И та же сила, которая заставила его много лет назад наброситься на орущего по-грчески, теперь толкала его наброситься на собственного сына, на его Элиэзэра. Эта сила заставила его вцепиться в сыновью одежду и содрать ее, чтобы он мог уснуть со спокойным сознанием, что его сын по-прежнему еврей. Хотя Элиэзэр был и сильней, и ловчей своего стареющего родителя, он не мог ни ударить, ни оттолкнуть, ни прижать его к земле, ибо его тело помнило ту любовь, которую он испытывал к своему аббе в дни детства, когда абба покачивал его на колене или радостно подбрасывал в воздух, покачав в руках вправо-влево, вправо-влево, а потом считал «раз, два, три!» и бросал в кровать.
И теперь, когда его абба вместо мягкой постели бросил его на голый пол, почтение и любовь, которые Элиэзэр испытывал к отцу, лишили его способности сопротивляться, и он, как ребенок, дал повалить себя на пол, снять одежду и обследовать свое тело, да так грубо, что у него слезы выступили на глазах.
А отец увидел обрезанный по всем правилам мужской орган сына, и его охватило чувство стыда, и он низко опустил голову, как будто только сейчас осознав, что он наделал. Он набросился на собственного сына – за что? Да ни за что. Элиэзэр был хорошим сыном. Таким же, как остальные четверо, по крайней мере, ничем не хуже. Его плоть от плоти и тому подобное. Матафия молча вышел из комнаты. Слишком тяжело было у него на сердце, чтобы молвить хоть слово.

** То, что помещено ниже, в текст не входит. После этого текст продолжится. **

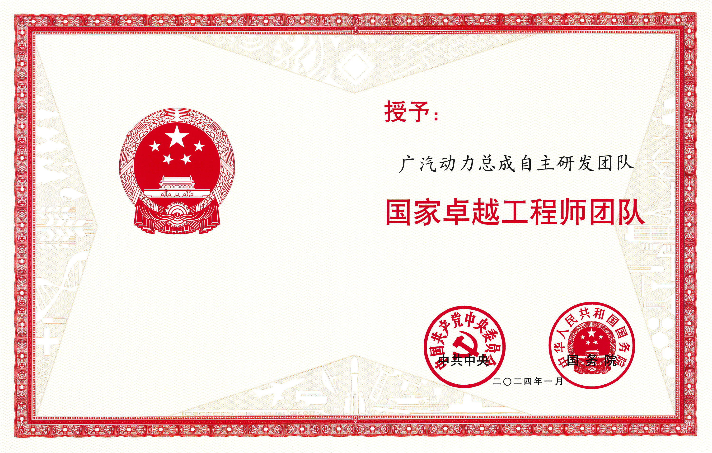 1月19日,“国家工程师奖”表彰大会在北京人民大会堂隆重举行,81名个人被授予“国家卓越工程师”称号,50个团队被授予“国家卓越工程师团队”称号。广汽动力总成自主研发团队荣获“国家卓越工程师团队”称号。

В тот же день, во время ежегодного праздника в честь главных богов-олимпийцев, Матафия стоял немного поодаль от празднующей толпы, сознавая, что от него ждут исполнения его священнических обязанностей. Он умышленно уклонялся от них, ибо таковыми обязанностями они были лишь в глазах греков или тех евреев, кто из чувства самосохранения уговорил себя, что нет особой разницы между раскрашенными языческими богами и единым невидимым Богом евреев. Ах, как удобно им было делать вид, что никакой разницы нет!